My Biggest Mistake.

In the first 65 days of 2010, more has happened to me than I was ever expecting when the clock struck midnight and 2009 ended. I’ve seen a dead body torn into pieces. I’ve traveled outside of the country. I’ve lost focus. I’ve experienced unconditional love. I’ve experienced an earthquake. I’ve enrolled in EMT & Firefighter school. I’ve broken the heart of an amazing woman. And I’ve broken down to the point where I’m forced to look up.
My entire life I have been taught to prioritize. Year after year I have always been under the impression that it’s Jesus. Family. Church. Work. My plans for 2010 were no different. It really doesn’t seem like that bad of a list. But I’ve come to learn that it’s flawed. Anytime that we make a list, we leave room for compromise. God’s used the things that have taken place so far this year to show me that.
In life we will sometimes choose work over the church. We may choose obligations at work over the person that loves us unconditionally. We may even choose church over that person that loves us! Nothing mentioned is acceptable, but it does happen. Bringing forth a very big realization in putting Jesus Christ on a list… We may not mean too and even though it’s not right, we end up placing things on our list, on hold, and I’m guilty of putting God on hold. That’s been my biggest mistake and I was wrong!
JESUS CHRIST IS NOT SOMETHING TO BE PLACED ON A LIST!
We have to make the decision that Jesus is LIFE. That whether it be Family, Church, Work or anything else, Jesus Christ is all we do.
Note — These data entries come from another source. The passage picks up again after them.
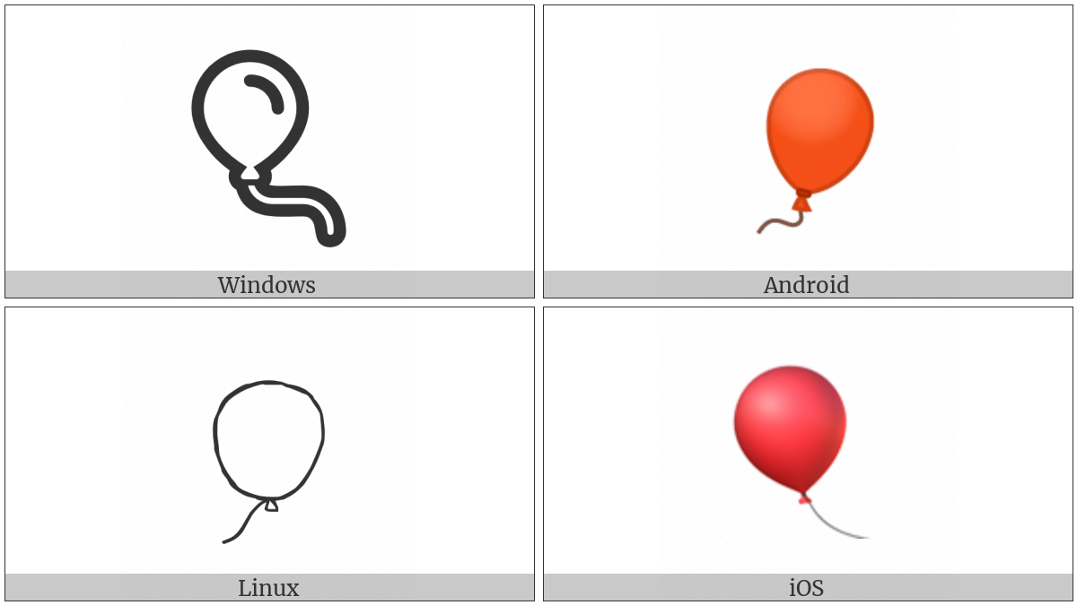 The image below shows how the “Balloon” symbol might look like on different operating systems. If the font in which this web site is displayed does not contain the symbol and there is no fallback font able to render it, you can use the image below to get an idea of what it should look like.
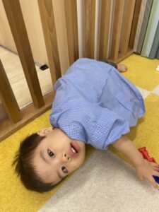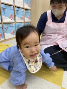 0歳児さんたちはお部屋の中をハイハイで探検をしたり、アンパンマンブロックをして遊びました😁
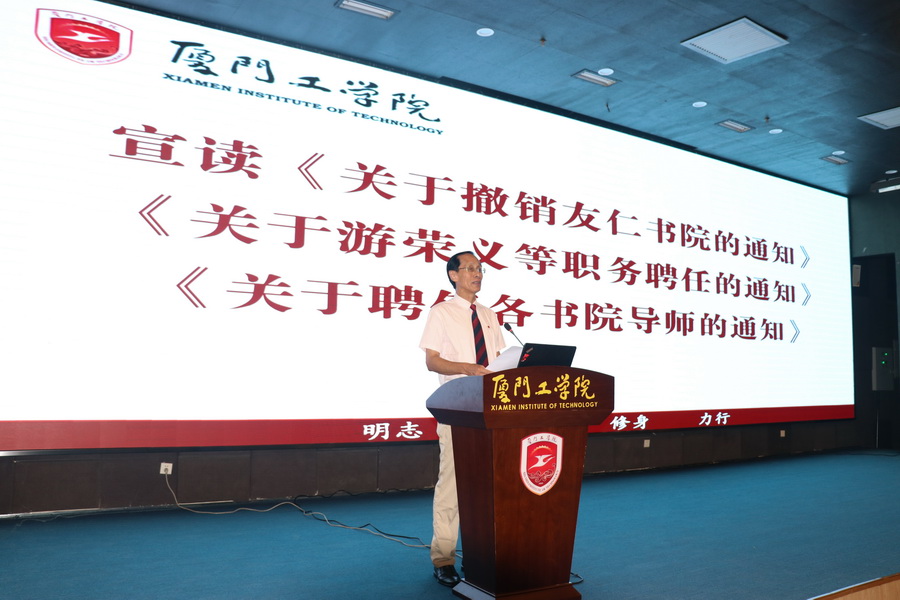 陈少牧副校长宣读了《关于撤销友仁书院的通知》《关于游荣义等职务聘任的通知》及《关于聘任各书院导师的通知》,并介绍了五大书院院长的个人简历。
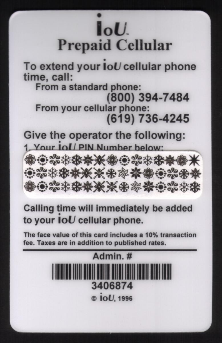 The card displays the text "ioU Cellular" in a modern, minimalist font on the upper left, with "ioU" in larger letters above "Cellular." The value "$25" is printed in bright yellow in the upper right corner. This expired prepaid phone time card was issued by ioU Network Services, representing a piece of telecommunications history showing branding and imagery from early cell phone technology.
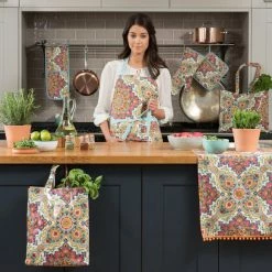 Designed by Ulster Weavers from 100% cotton, this machine washable single oven glove gauntlet is perfect for taking hot dishes and trays out of the oven with ease. Designed as part of the Moroccan Tiles collection, this single oven has been finished with a stunning colourful tiled print inspired by the art of Morocco. Co-ordinating items are available to purchase separately.
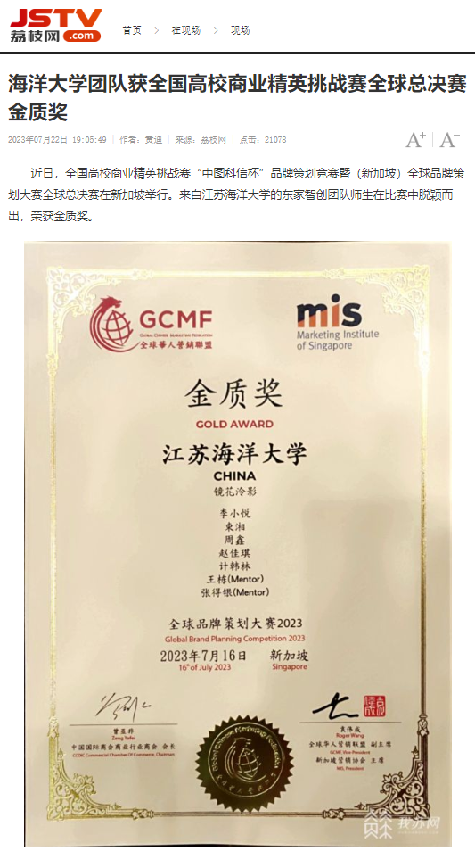 7月15日,由全球华人营销联盟(GCMF)主办、新加坡营销协会和中国国际贸易促进委员会商业行业委员会共同协办的2023年(新加坡)全球品牌策划大赛在新加坡正式开赛。本次竞赛共有来自中国大陆、中国台湾、新加坡、泰国、菲律宾、斯里兰卡等国家和地区的19支队伍参赛。中国贸促会商业行业委员会带领来自成都锦城学院、北京理工大学、湖北工业大学工程技术学院、江苏大学、9999js金沙老品牌、苏州工业园区服务外包职业学院、无锡太湖学院、武汉工商学院、武汉学院的9支队伍47名师生参赛。9999js金沙老品牌镜花泠影团队荣获金质奖。

Jesus is the REASON for all that we do! He isn’t a priority we place on a list. He is the list. He’s involved in every aspect of our life. I have been studying God’s word a lot lately and this hit me harder, I think, than anything ever has:
“Therefore if you have been raised up with Christ, keep seeking the things above, where Christ is, seated at the right hand of God. 2Set your mind on the things above, not on the things that are on earth. 3For you have died and your life is hidden with Christ in God.4When Christ, who is our life, is revealed, then you also will be revealed with Him in glory.”Colossians 3:1-4
Wow!! As Christians, claiming to have new life with Christ, we are called to die to ourselves. Our “list.” We are called to focus on nothing less than things above. No exception, nothing here on earth. Meaning that God is going to use us for HIS WILL and we will be seen only for doing things that bring Him Glory. At times this may mean that we have very little of what we want, but as long as we are in the will of God it doesn’t matter. It’s a choice we have to make.
In the passage from Colossians, Paul tells us to “Set your mind on things above…” The greek verb for set emphasizes an ongoing decision. We must continually discipline ourselves to focus on eternal realities, instead of the temporal realities of this earth. So much easier said than done.
Example: There are nights that I fall asleep remembering what I saw in Haiti and it makes me cry. There are decisions I’ve made that hurt others. I feel some moments from this year I could live “in” forever and be happy. There are things that I wish I could do more of and wish I could change… but ultimately those are things that I want.
I’m being disciplined right now to focus on what God desires of me each day, to bring Him Glory. I know that it will be humbling, may hurt at times, and not always what I want. But as Im on my knees, broken and looking towards Jesus Christ, that is what he’s telling me to do! Start over and make him the priority. I’m choosing to continue pursuing His will for my life and I’m throwing my list out the window. The end.